Many countries will be disappointed with the results they achieved at the Eurovision Song Contest 2015 but none more than Germany and the hosts, Austria. Both countries ended the grand final at the bottom of the scoreboard with the dreaded nul points.

During the sixty year history of the Eurovision Song Contest, 38 songs have ended up without a single point – 20 during the period before the introduction of the current score system in 1975 and a further 18 since then – including songs from Switzerland and the Czech Republic which failed to score a point in their semi-finals in 2004 and 2009 respectively.

The failure by Germany and Austria score a single point in 2015 – and for them not to even award each other a single point – shocked fans with many taking to social media to express their disbelief that in a contest with 40 countries voting, with votes from the voting public and national juries, that it is still possible for a country to go home from the contest without a single point.

The songs from Germany and Austria were not deserving of the nul point tag which will now be attached to them.

Germany’s Ann Sophie and her song Black Smoke was by no means one of the favourites ahead of the contest but was well regarded by many. Ann Sophie’s election to Eurovision was by no means straightforward and she did not actually win the national final – her ‘victory’ only being awarded to her after actual winner Andreas Kümmert declined the ticket to Vienna.

Following the debacle, Ann Sophie received support from the German media and the public – the song, co-written by sought-after British singer Ella Eyre, became a minor hit in Germany prior to the contest – peaking at #29 on the official German singles chart. This chart position was lower than previous entrants Elaiza, who reached #4 on the German charts in 2014 and Cascada who peaked at #6 in 2013. The lack of a music video possibly harmed the chart success of Black Smoke resulting in it not becoming as commercially successful as its recent predecessors.

Ann Sophie performing Black Smoke in Vienna

Had the pre-2009 televoting system been used, Germany would still have only finished twenty-fifth of twenty-seven but would have scored 5 points, avoiding the nul points tag.
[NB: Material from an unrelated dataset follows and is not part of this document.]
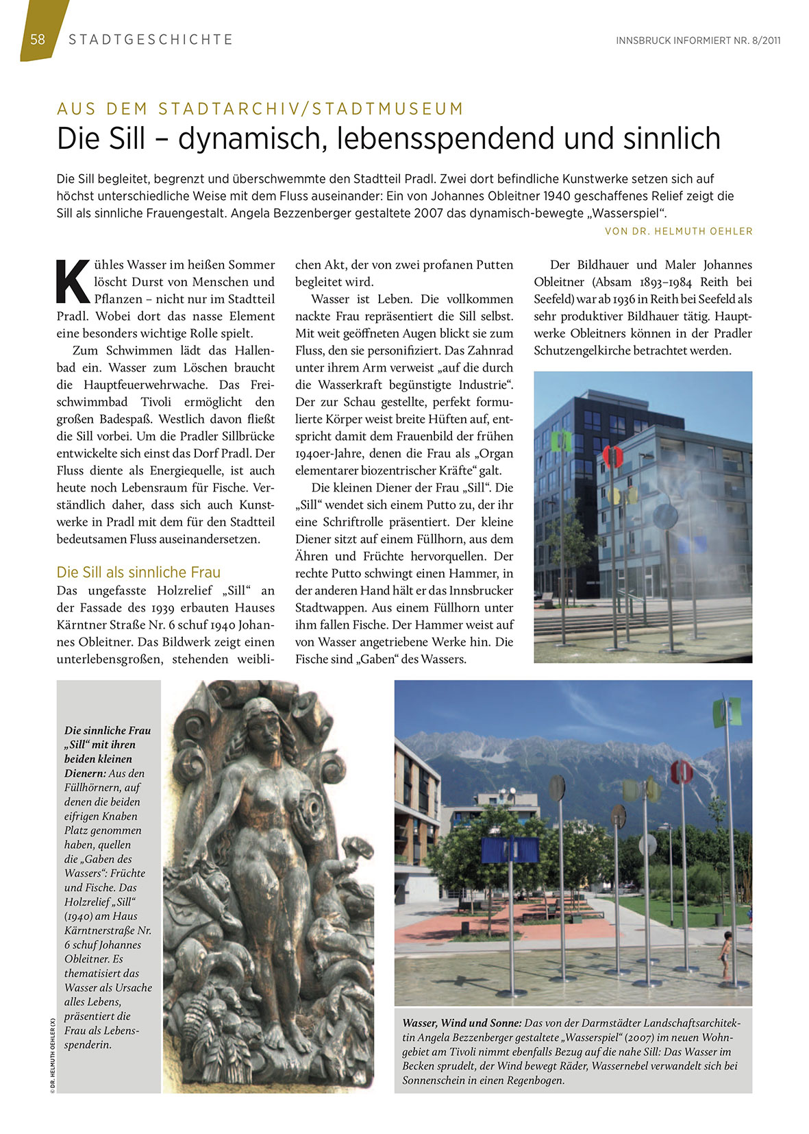 heute noch Lebensraum für Fische. Verständlich daher, dass sich auch Kunstwerke in Pradl mit dem für den Stadtteil

The juries also ranked Germany at twentieth place, nowhere near the bottom of the field with seven countries below Germany.

Moving on to Austria’s result, The Makemakes went in to the 2015 contest representing the host country, actually having convincingly winning their nation’s song selection and with a hit single under their belts. The song with which they represented Austria, I Am Yours, had already peaked at #2 on the official Austrian singles chart following its release in March. Despite finishing at the very bottom of the scoreboard, The Makemakes have already shown their great sense of humour by referring to themselves on social media as “Zeroes of Our Time” – a play on the lyrics of Heroes, the winning song from Sweden.

TheMakemakes

Thomas Hanses (EBU)

The Austrian song was equally undeserving of being disregarded but unlike Germany, did actually score a zero. The voting public placed Austria dead last and had the pre-2009 system still been in place, without the juries, Austria would still have finished last. However, Austria placed significantly higher with the juries. Austria managed to score a thirteenth place with the juries – putting them just inside the top half of that scoreboard. Was this this not enough for them to score even one single point when both sets of scores were combined?
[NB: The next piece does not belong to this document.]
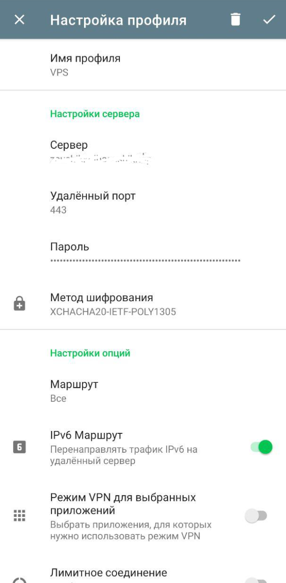 Задаем имя профиля, в раздел Сервер вписываем наш домен, который привязан к нашему VPS через Cloudflare (резолвится он соответственно будет также ip-адресом, принадлежащим CDN). Удаленный порт 443, пароль - как на сервере, метод шифрования как на сервере.

Even though both Germany and Austria are no strangers to having a zero next to their names on the scoreboard, how is it possible that two countries – both of whom have actually won the Eurovision Song Contest in the last five years – can finish with no points despite sending accomplished pop songs to a contest of pop songs? Could the fact that Germany are part of the “so-called Big Five” (as it was referred to by our hosts in Vienna) and Austria had direct qualification as the host have harmed their chances due to them not receiving the extra exposure that songs competing in the semi final enjoy? Or is the voting system where the songs are ranked by both the jurors and televoters be in need of reform to make it fairer and more transparent?
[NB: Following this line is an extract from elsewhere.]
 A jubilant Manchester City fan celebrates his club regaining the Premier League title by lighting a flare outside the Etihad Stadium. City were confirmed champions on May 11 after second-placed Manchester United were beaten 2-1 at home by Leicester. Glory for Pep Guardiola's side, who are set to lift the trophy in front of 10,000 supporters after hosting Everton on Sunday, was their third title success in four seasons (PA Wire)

Performing on home soil - The Makemakes

Black Smoke and I Am Yours may not have been the best songs at Eurovision 2015 but were by no means the worst, by any stretch of the imagination. Two countries sent songs to Eurovision that would sit comfortably on any radio station playlist in Europe. There were other countries – they shall remain nameless – which were far more deserving of nul points. Hopefully, the careers of Ann Sophie and The Makemakes will not be damaged by the scores they received, or did not receive, at the Eurovision Song Contest 2015.